**Brief**
Pictures aside, repeat every record below exactly.
====
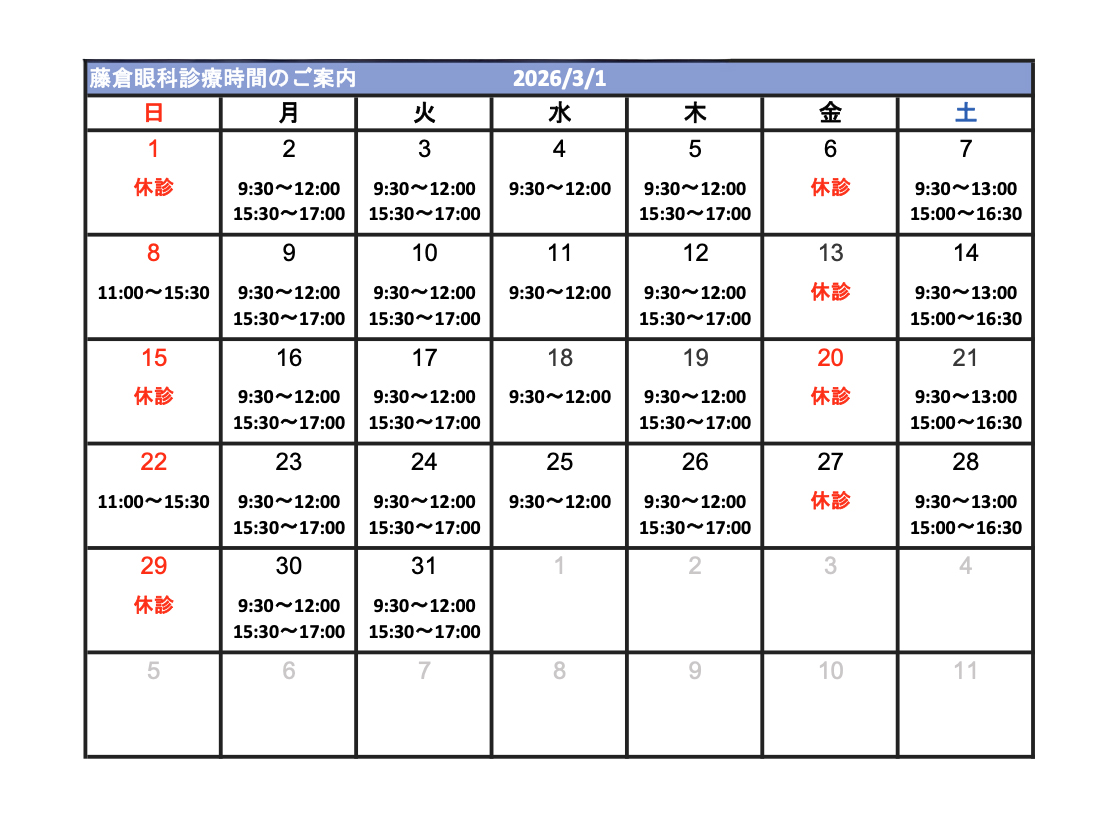 → 2026年3月 眼科ご案内時間はこちら
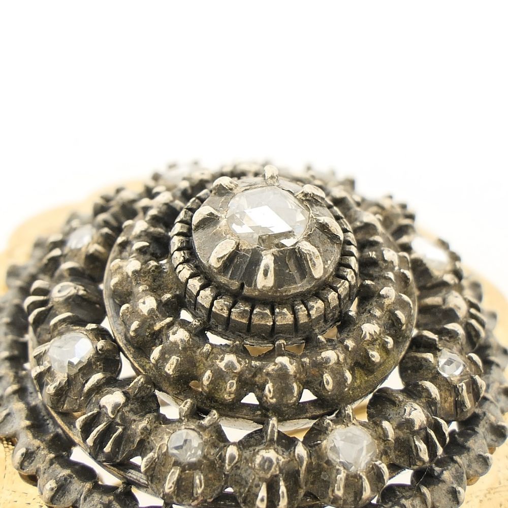 Antique gold brooch with rose-cut diamonds; approx. 0.22 ct.
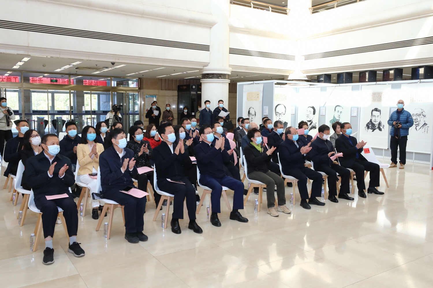 啟動儀式后,各位領導嘉賓和與會人員一起參觀民盟先賢肖像展。本次展覽共計展出30余幅作品,以書畫藝術形式再現民盟先賢風范,弘揚黨盟合作優良傳統。“民盟先賢肖像巡回展”走進北京工商大學活動于10月9日至15日在良鄉主校區圖書館大廳舉行。
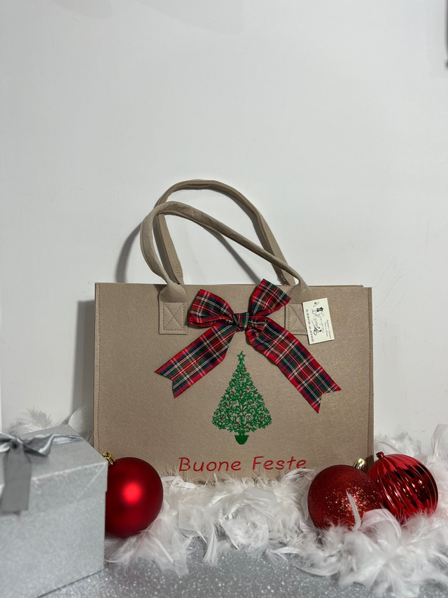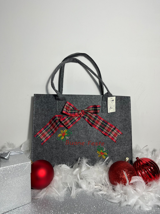 Scoprite il nostro assortimento di borse natalizie uniche e ricamate, perfette come regali speciali o eleganti porta regalo per le festività. Ogni borsa è un'autentica opera d'arte in feltro, arricchita da ricami esclusivi che catturano l'essenza del Natale in ogni dettaglio.
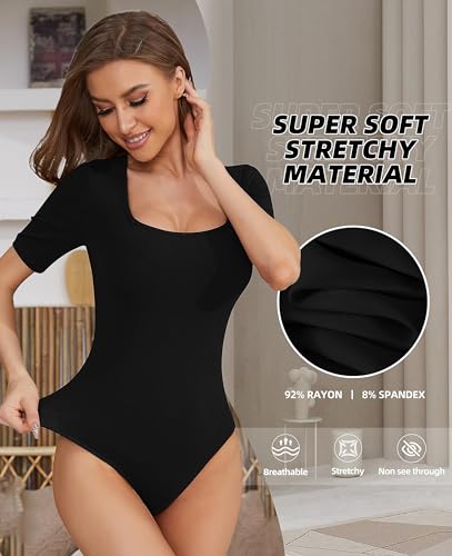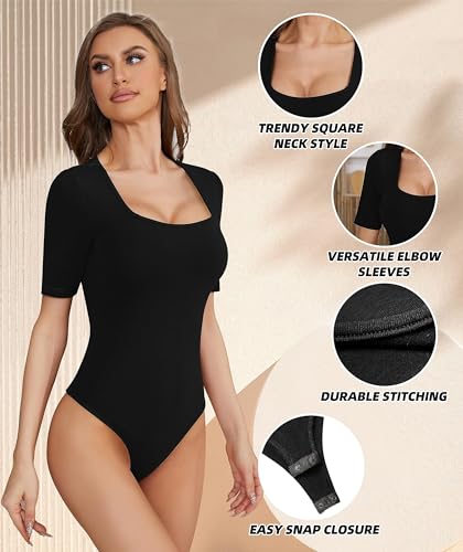 TQD Women's Square Neck Bodysuit Short Sleeve Bodysuit for Women Elbow Sleeve Tshirt Body Suit Top
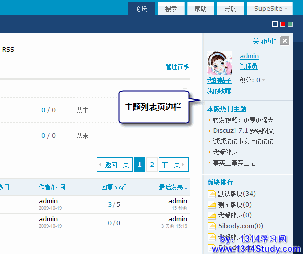 我们为“主题列表页”添加边栏,边栏设置方案选择“主题列表页默认”,然后提交,返回主题列表页看下效果:
====
**Finished exercise**
 → 2026年3月 眼科ご案内時間はこちら
 Antique gold brooch with rose-cut diamonds; approx. 0.22 ct.
 啟動儀式后,各位領導嘉賓和與會人員一起參觀民盟先賢肖像展。本次展覽共計展出30余幅作品,以書畫藝術形式再現民盟先賢風范,弘揚黨盟合作優良傳統。“民盟先賢肖像巡回展”走進北京工商大學活動于10月9日至15日在良鄉主校區圖書館大廳舉行。
 Scoprite il nostro assortimento di borse natalizie uniche e ricamate, perfette come regali speciali o eleganti porta regalo per le festività. Ogni borsa è un'autentica opera d'arte in feltro, arricchita da ricami esclusivi che catturano l'essenza del Natale in ogni dettaglio.
 TQD Women's Square Neck Bodysuit Short Sleeve Bodysuit for Women Elbow Sleeve Tshirt Body Suit Top
 我们为“主题列表页”添加边栏,边栏设置方案选择“主题列表页默认”,然后提交,返回主题列表页看下效果:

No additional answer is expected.